In the same way, God uses things that we can understand to talk of things much greater. He does not have our earthly kind of eyes and hands. But He uses "eyes" to speak of His seeing. He uses "hands" to speak of His power and action.

Though He uses these helpful words we should remember that we are still so very small beside Him. Like the ant with the man, some things about God will remain beyond our full understanding. We accept what God says in the simple trust that He knows how best to tell us of things far greater than us.



The Holy Spirit

One of the things that may be difficult to understand is how God is one, and yet ABOVE our limited idea of one.
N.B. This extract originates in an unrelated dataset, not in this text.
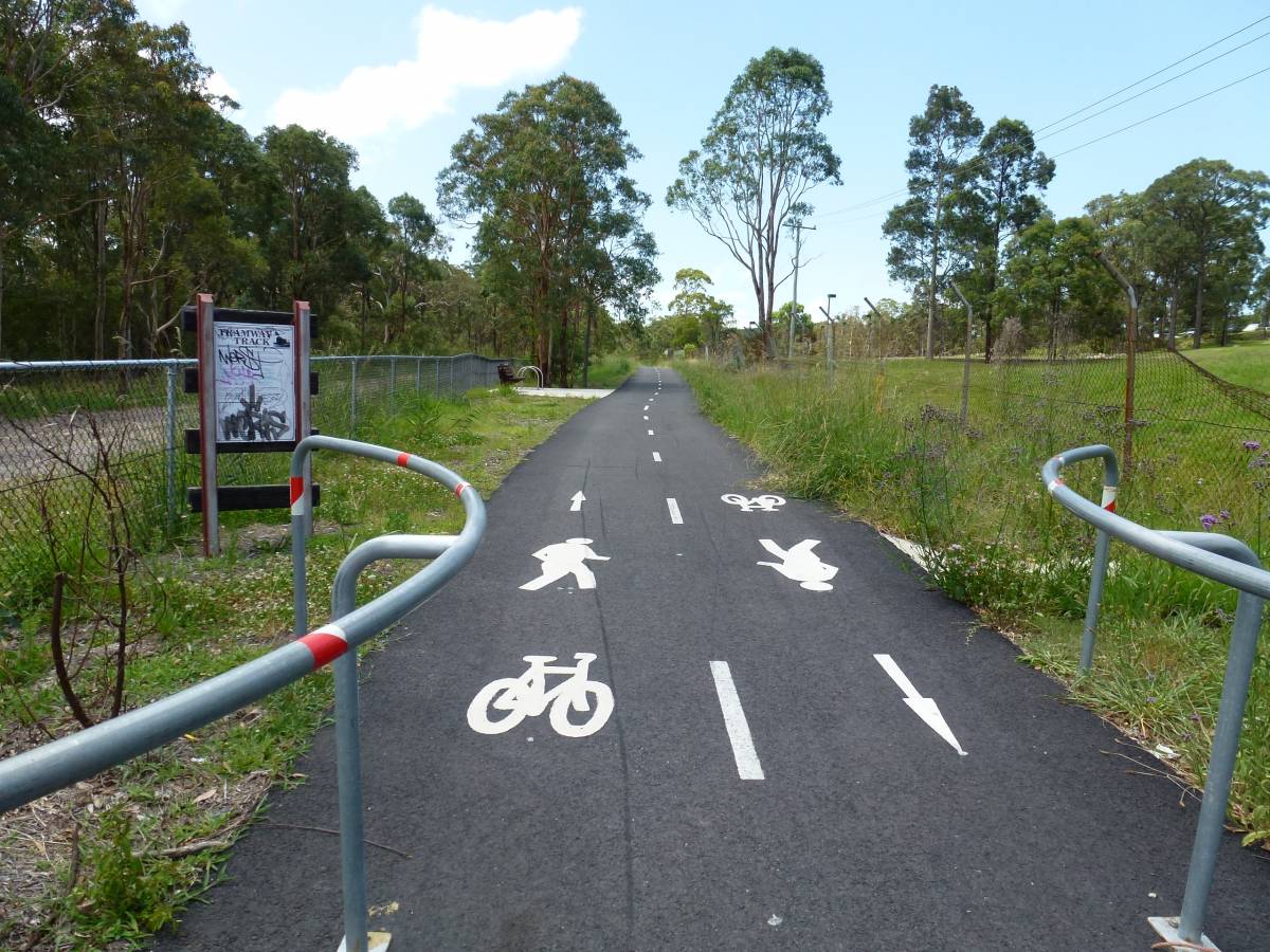 This section is basically flat and passes two suburban shopping centres. It following the line of both disused colliery rail lines and the tramway. It runs along a suburban St before crossing busy Newcastle Rd at Traffic lights

For example, the first verses of the Bible speak of both "God" and "the Spirit of God."

"In the beginning God created the heavens and the earth...
and the Spirit of God was hovering over the waters"
(Genesis 1:1-2).

Look again at the quotation from Psalm 139. The writer of that Psalm asks God, "Where can I go from your Spirit?" Then he says, "If I go up to the heavens, YOU are there." Why say "You" and, "Your Spirit"? why speak in two ways of God? We may not fully understand why. Yet God surely knows most about Himself. He knows how best to describe Himself.

Scripture talks often about the Holy Spirit. He is not just some tool or force of God. His is not a "thing." Instead He is Divine Person, described in ways that can only fit a person. Although He is sometimes spoken of as if He is part of God, yet the Holy Spirit is truly GOD, the only God.

"Now the Lord is the Spirit, and where the Spirit of the
Lord is, there is freedom...which comes from the Lord,
who is the Spirit" (2 Corinthians 3:17-18).

God has revealed Himself as both "Lord" and Spirit." This in no way goes against the truth He also revealed, that He is ONE. This oneness is above our full understanding. He is one, and there is no other God besides Him. Since He alone made us and cares for us, our hearts and lives belong wholly to Him.